3) བཟོད་པ - 'zöd pa' - 'Forbearance'

4) མཆོས་ཆོག - 'chö chog' - 'Highest Dharma'.

In Mahayana alone, the Path of Accumulation and the Path of Connection are referred to as belonging to “The bhumi of Intentional Conduct”. When the four sub-levels of the Path of Connection are discussed within 'The bhumi of Intentional Conduct' they are called 'The four levels bhumis of Intentional Conduct'.

The next Path, མཐོང་ལམ - 'thong lam' - 'The Path of Seeing' is the maturation of the sixteen aspects resulting the fourfold moments of the realization of the four Noble Truths and concomitant abandonment of discards related to that realisation.
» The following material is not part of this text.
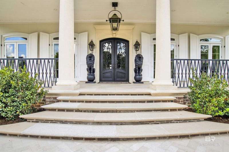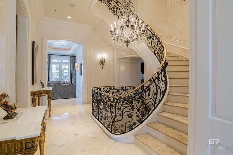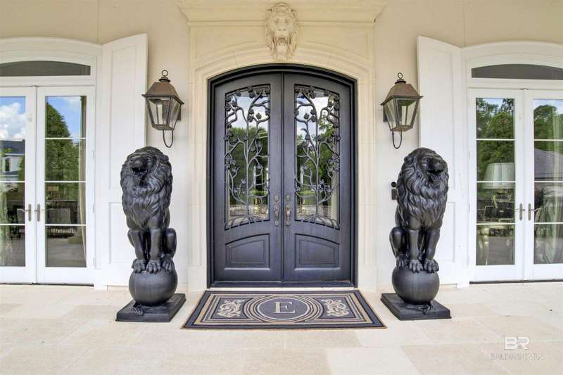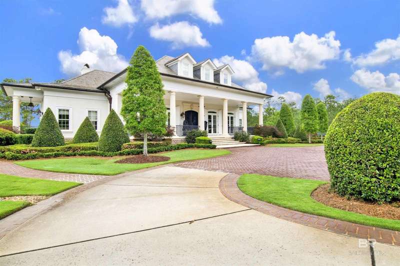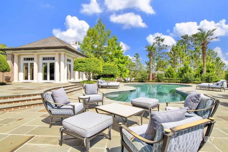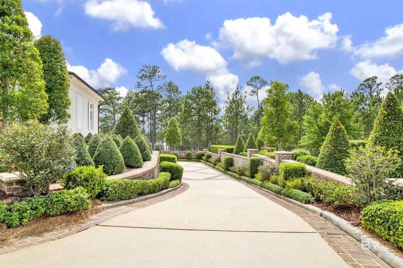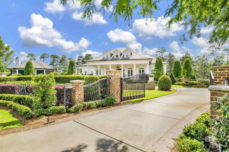 Luxury awaits in this gated Country Club community conveniently located between Pensacola, FL and Mobile, AL to the east and west along I-10, and Alabama beaches to the south and I-65 to the north. Several local airports within an hour's drive. Enjoy the clubhouse with restaurant and lounge, fishing, hunting, golf, as well as outdoor pools, exercise facilities, pro shop and a Chapel. This home is one-of-a-kind on 3 lots overlooking 4 holes of the award-winning golf course and the 200 acre Steelwood Lake. A gated circular drive to the Herringbone brick motor court is the perfect entry to this magnificent property. Completely fenced, the home, 2200 sf separate garage, and pool house offer one's own private resort. Step inside to find pure elegance with two toned marble floors throughout the main level and oak flooring in third level bedrooms. Kitchen features WOLF and Subzero appliances and a double island. The open concept is perfect for entertaining on a grand scale! In the master suite find His and Hers closets through a stunning bathroom with all the natural light. Enjoy heated floors and even a TV in the vanity mirror while you soak in the jetted tub overlooking the course and lake. Follow the marble steps and custom iron railing downstairs to the Sports Club, Wine Cellar, and Humidor to make the ultimate impression on your guests. The guest suite, office, and laundry facility can be found on the ground level just steps from the 3 car and 2 golfcart garage with 3 walk-in storage closets. On the 3rd level, 4 bedrooms and 3 baths offer a quiet escape for children and guests to rest. The pool deck and pool house are ideal for enjoying the abundance of warm, sunny days in South Alabama. Spend the evenings strolling the grounds in awe of the two fountains and elevated views of the golf course and sunsets over the lake. Whether for a weekend or a lifetime this is a magical place to unwind and recharge! Buyer to verify all information during due diligence.
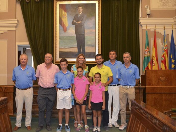 La alcaldesa de Castellón, Amparo Marco, ha felicitado al Club de Golf Costa Azahar por los éxitos deportivos de los jóvenes de su escuela de golf y por su actividad sociocultural. Marco ha recibido en el Ayuntamiento a los campeones de España en categoría alevín y benjamín Josele Ballester, Julia Ballester y Rocío Tejedo -Minoo Mousavi no pudo asistir al no estar en Castellón- en una recepción en la que también participó el concejal de Deportes, Enric Porcar.

  • ཆོས་ཤེས - 'chö shey' - 'cognition of dharma';
  • ཆོས་བཟོད - 'chö zöd' - 'acceptance of that dharma';
  • རྗེས་ཤེས - 'jey shey' - 'subsequent cognition' (of it); and
  • རྗེས་བཟོད - 'jey zöd' - 'subsequent acceptance' (of it).

This applies to each Noble Truth. Altogether thus, there are “eight cognitions of the path of seeing” and “eight acceptances corresponding to them”.

There is much more to learn and practice about this but I think that this way you get a more correct perspective. Take one thing at the time and it will become clear and lead you to your goal, that of all bodhisattvas.

 

QUESTION: This first chapter of the Bodhicaryâvatâra, gives a succession of comparisons to explain us the benefits and the diverse types of bodhicitta. At first sight, I felt it was only a repetition of each point, yet, each one appears to develop a particular view bodhicitta. Is this construction particular to Shantideva or common to Tibetan rhetoric?

ANSWER:

This way of expounding the topic is of course that of Shantideva. Nevertheless, it does express the views and ways of his teachers and mainly of the Nalanda school of Madhyamaka philosophy, which most Tibetans do follow.

 

QUESTION: Stanza 31 - What is the best way to praise and making offering to the noble ones and the Gurus, do we daily thinking about their quality in our heart or do we actually do Sadhana and write praises in letter to offer to Guru?

ANSWER:

This seems very good. First do sadhana practice. In this way you learn how to do it spontaneously from the heart. If you write praises in letter to the Guru, it is a fine way to develop more clarity in your devotion. Yet, one risks becoming emotional or develop attachment. Attachment to one’s words and feelings, attachment to the Guru. “The Emptiness of the Three Circles” is easier to practice in sadhana. However, many praises to the Guru have become sadhanas.

I invite you to rest for a little while before we dedicate this session to the benefit of all.

May all beings manifest swiftly their true essence of a Buddha.